Without changing a word, copy every line of the listing below and leave out the images.

=== Records to use ===

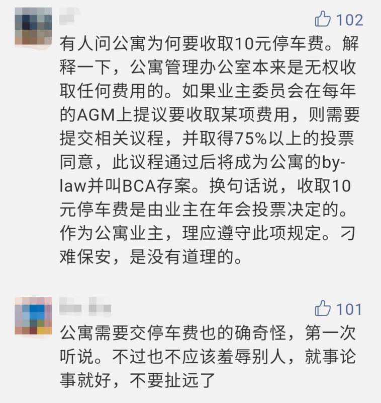 其实,新加坡公寓一般是不收业主停车费的,访客过夜停车费是否征收则另当别论,但就很多住在该公寓的网友反馈得知,似乎确有此事。不过,公寓管理条例是业主委员会定的。但一般来说,相当大部分业主懒得参加业主常见大会,自然也无法控制物业条例的制定。
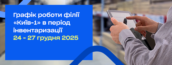 В період з 26 по 27 грудня включно, філія "Київ-1" буде зачинена на інвентаризацію. Протягом цього періоду можливо забрати своє замовлення самостійно на будь-якій іншій найбільш зручній для вас філії.
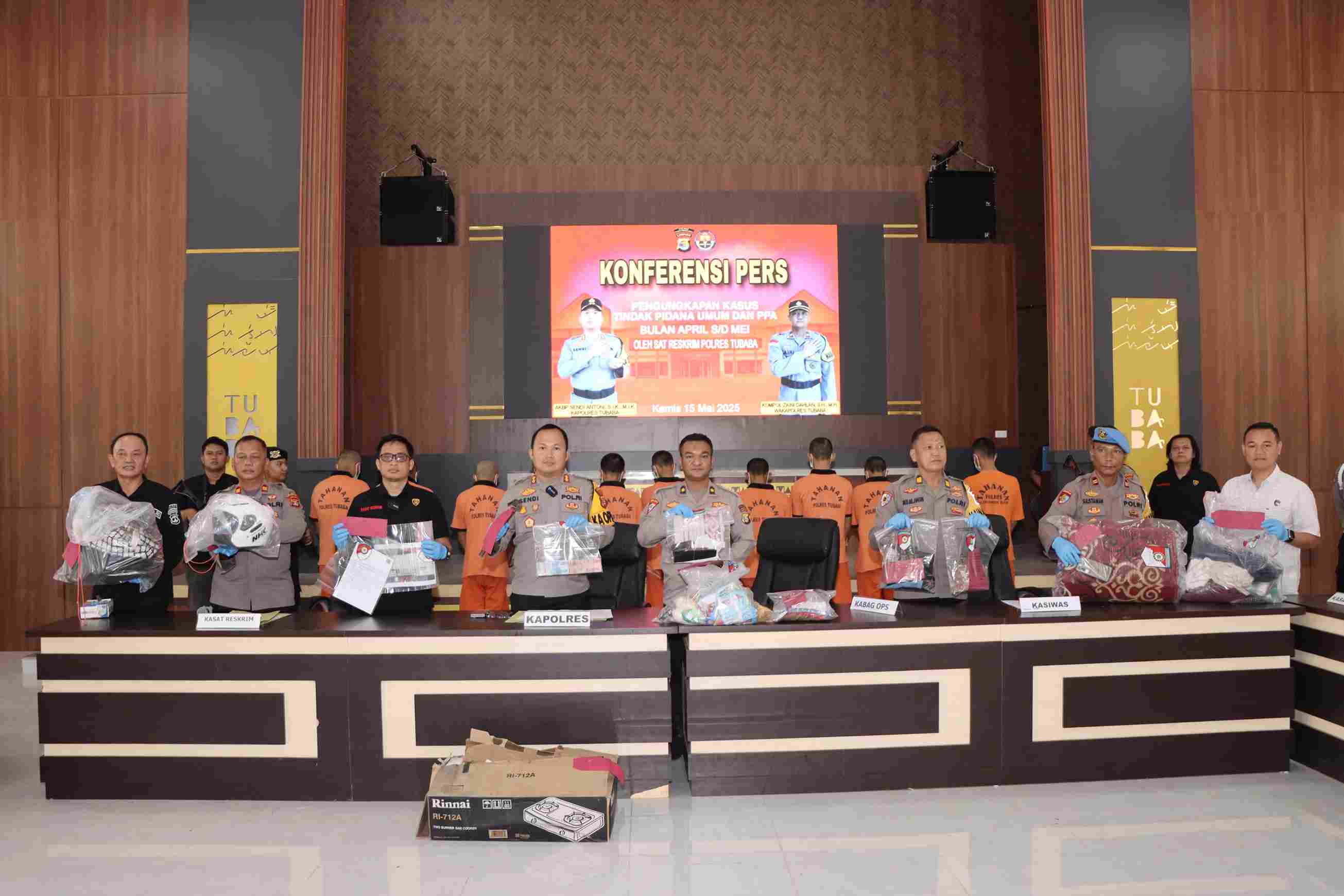 Bulan April s/d Mei Tahun 2025, Polres Tubaba berhasil mengungkap sejumlah kasus menonjol antara lain kasus Curat sebanyak 7 (tujuh) kasus dengan Tersangka 7 (tujuh) Orang, Kasus Tipu Gelap 1 (satu) Kasus dengan Tersangka 1 (satu) Orang, Kasus Kdrt 1 (satu) Kasus dengan Tersangka 1 (satu) Orang, Persetubuhan di bawah umur 2 (dua) Kasus dengan Tersangka 3 (tiga) Orang dan Perbuatan tidak menyenangkan disertai Ancaman kekerasan 1 (satu) Kasus dengan Tersangka 1 (satu) Orang, Para tersangka yang terlibat dalam tindak pidana tersebut telah berhasil diamankan dan tengah menjalani proses hukum lebih lanjut. Dalam kesempatan ini Kapolres juga menyampaikan barang bukti yang berhasil di amankan berupa 5 (lima) Unit Sepeda Motor, Uang Kurang Lebih RP 13.845.000, 2 (dua) buah Handphone,1 (satu) buah senjata tajam Golok, 1 (satu) Buah Palu Besi warna Coklat,1 (satu) Buah Kompor Gas merk Rinnai warna Silver, beserta lainnya sesuai pengungkapan kasus Tindak Pidana Umum dan PPA. Keberhasilan ini merupakan hasil kerja keras seluruh personel kami, serta dukungan dan kepercayaan dari masyarakat. Kami akan terus hadir dan bertindak tegas terhadap setiap bentuk pelanggaran hukum,” tegas AKBP Sendi Antoni kepada awak media. Dalam kesempatan tersebut, Kapolres juga mengajak masyarakat untuk terus bersinergi dengan Polri dalam menjaga situasi kamtibmas yang aman dan kondusif. Ia menekankan pentingnya partisipasi aktif warga untuk melaporkan setiap potensi gangguan keamanan di lingkungan sekitar. Konferensi Pers ini menggambarkan keberhasilan Polres Tulang Bawang Barat dalam menjaga keamanan dan ketertiban masyarakat, serta komitmen untuk terus meningkatkan kinerja dalam melindungi mengayomi dan melayani Masyarakat” Pungkas Kapolres.
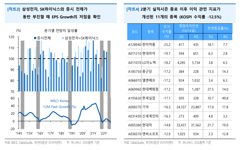 다만 그는 “긍정적인 점은 증시와 삼성전자, SK하이닉스가 모두 어닝쇼크를 기록하는 시점에 이익성장률(EPS Growth)의 변곡점이 확인됐다는 것”이라며 “실적 회복이라는 조건이 존재하지만, 향후 증시 분위기의 반전을 기대해 볼 수 있는 대목이라는 판단”이라고 했다.
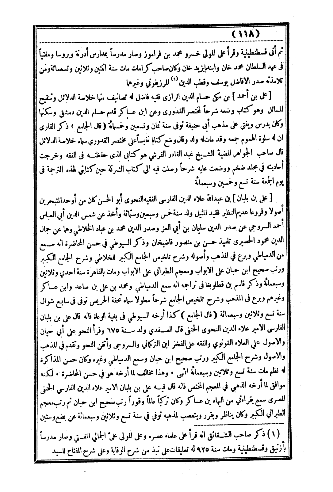 (¬1) ذكر صاحب الشقائق أنه قرأ على علماء عصره وعلى المولى عليّ الجمالي المفتي وصار مدرسًا بأزنيق وقسطنطينية ومات سنة 935 له تعليقات على نبذ من شرح الوقاية وعلى شرح المفتاح للسيد =
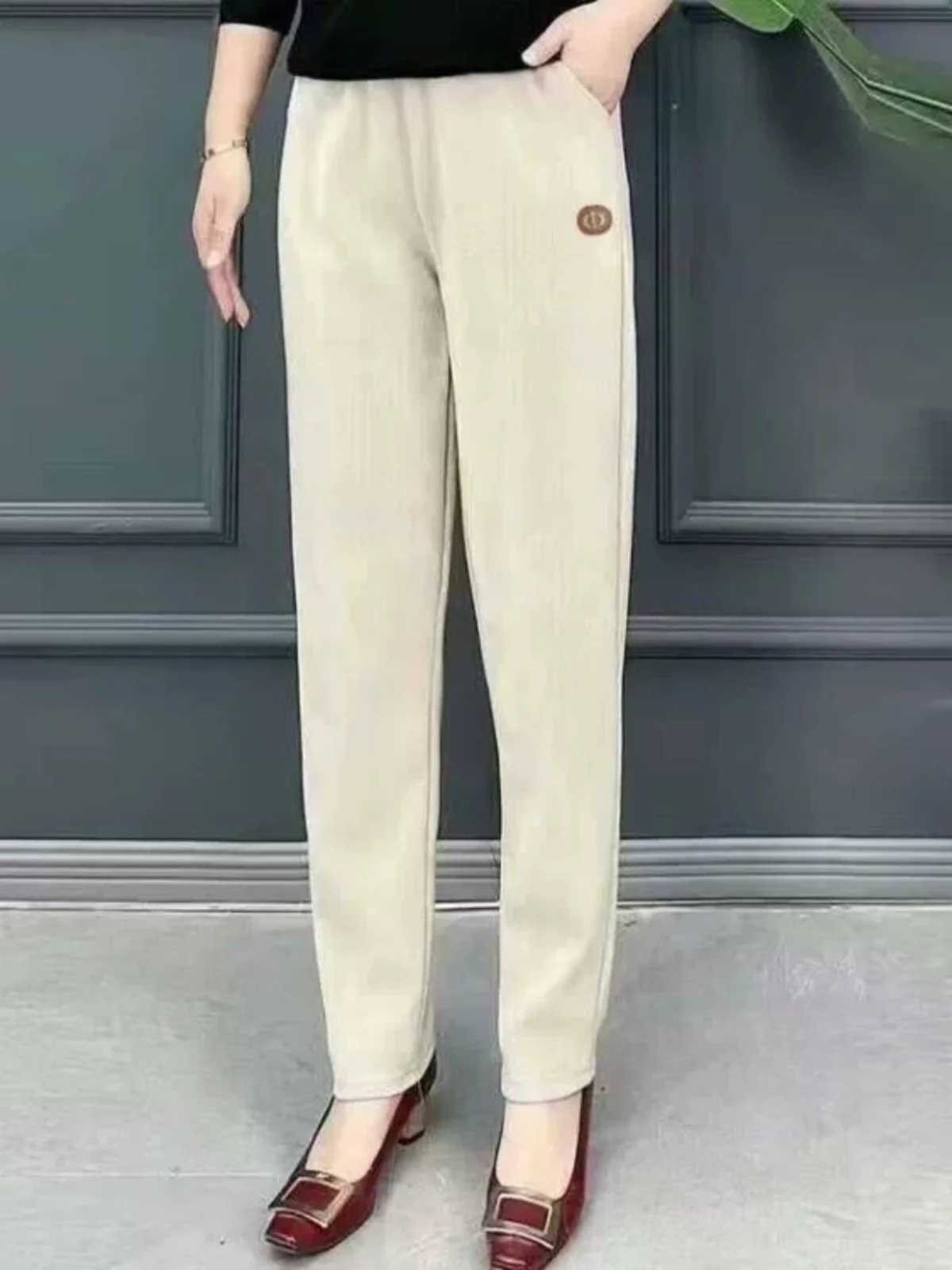 肥厚フリース裏地ハーレムパンツママスタイル冬のカジュアルパンツ女性のための 40 歳以上ファッションルーズフィットズボン - TopDealBox

===

Expected answer:
 其实,新加坡公寓一般是不收业主停车费的,访客过夜停车费是否征收则另当别论,但就很多住在该公寓的网友反馈得知,似乎确有此事。不过,公寓管理条例是业主委员会定的。但一般来说,相当大部分业主懒得参加业主常见大会,自然也无法控制物业条例的制定。
 В період з 26 по 27 грудня включно, філія "Київ-1" буде зачинена на інвентаризацію. Протягом цього періоду можливо забрати своє замовлення самостійно на будь-якій іншій найбільш зручній для вас філії.
 Bulan April s/d Mei Tahun 2025, Polres Tubaba berhasil mengungkap sejumlah kasus menonjol antara lain kasus Curat sebanyak 7 (tujuh) kasus dengan Tersangka 7 (tujuh) Orang, Kasus Tipu Gelap 1 (satu) Kasus dengan Tersangka 1 (satu) Orang, Kasus Kdrt 1 (satu) Kasus dengan Tersangka 1 (satu) Orang, Persetubuhan di bawah umur 2 (dua) Kasus dengan Tersangka 3 (tiga) Orang dan Perbuatan tidak menyenangkan disertai Ancaman kekerasan 1 (satu) Kasus dengan Tersangka 1 (satu) Orang, Para tersangka yang terlibat dalam tindak pidana tersebut telah berhasil diamankan dan tengah menjalani proses hukum lebih lanjut. Dalam kesempatan ini Kapolres juga menyampaikan barang bukti yang berhasil di amankan berupa 5 (lima) Unit Sepeda Motor, Uang Kurang Lebih RP 13.845.000, 2 (dua) buah Handphone,1 (satu) buah senjata tajam Golok, 1 (satu) Buah Palu Besi warna Coklat,1 (satu) Buah Kompor Gas merk Rinnai warna Silver, beserta lainnya sesuai pengungkapan kasus Tindak Pidana Umum dan PPA. Keberhasilan ini merupakan hasil kerja keras seluruh personel kami, serta dukungan dan kepercayaan dari masyarakat. Kami akan terus hadir dan bertindak tegas terhadap setiap bentuk pelanggaran hukum,” tegas AKBP Sendi Antoni kepada awak media. Dalam kesempatan tersebut, Kapolres juga mengajak masyarakat untuk terus bersinergi dengan Polri dalam menjaga situasi kamtibmas yang aman dan kondusif. Ia menekankan pentingnya partisipasi aktif warga untuk melaporkan setiap potensi gangguan keamanan di lingkungan sekitar. Konferensi Pers ini menggambarkan keberhasilan Polres Tulang Bawang Barat dalam menjaga keamanan dan ketertiban masyarakat, serta komitmen untuk terus meningkatkan kinerja dalam melindungi mengayomi dan melayani Masyarakat” Pungkas Kapolres.
 다만 그는 “긍정적인 점은 증시와 삼성전자, SK하이닉스가 모두 어닝쇼크를 기록하는 시점에 이익성장률(EPS Growth)의 변곡점이 확인됐다는 것”이라며 “실적 회복이라는 조건이 존재하지만, 향후 증시 분위기의 반전을 기대해 볼 수 있는 대목이라는 판단”이라고 했다.
 (¬1) ذكر صاحب الشقائق أنه قرأ على علماء عصره وعلى المولى عليّ الجمالي المفتي وصار مدرسًا بأزنيق وقسطنطينية ومات سنة 935 له تعليقات على نبذ من شرح الوقاية وعلى شرح المفتاح للسيد =
 肥厚フリース裏地ハーレムパンツママスタイル冬のカジュアルパンツ女性のための 40 歳以上ファッションルーズフィットズボン - TopDealBox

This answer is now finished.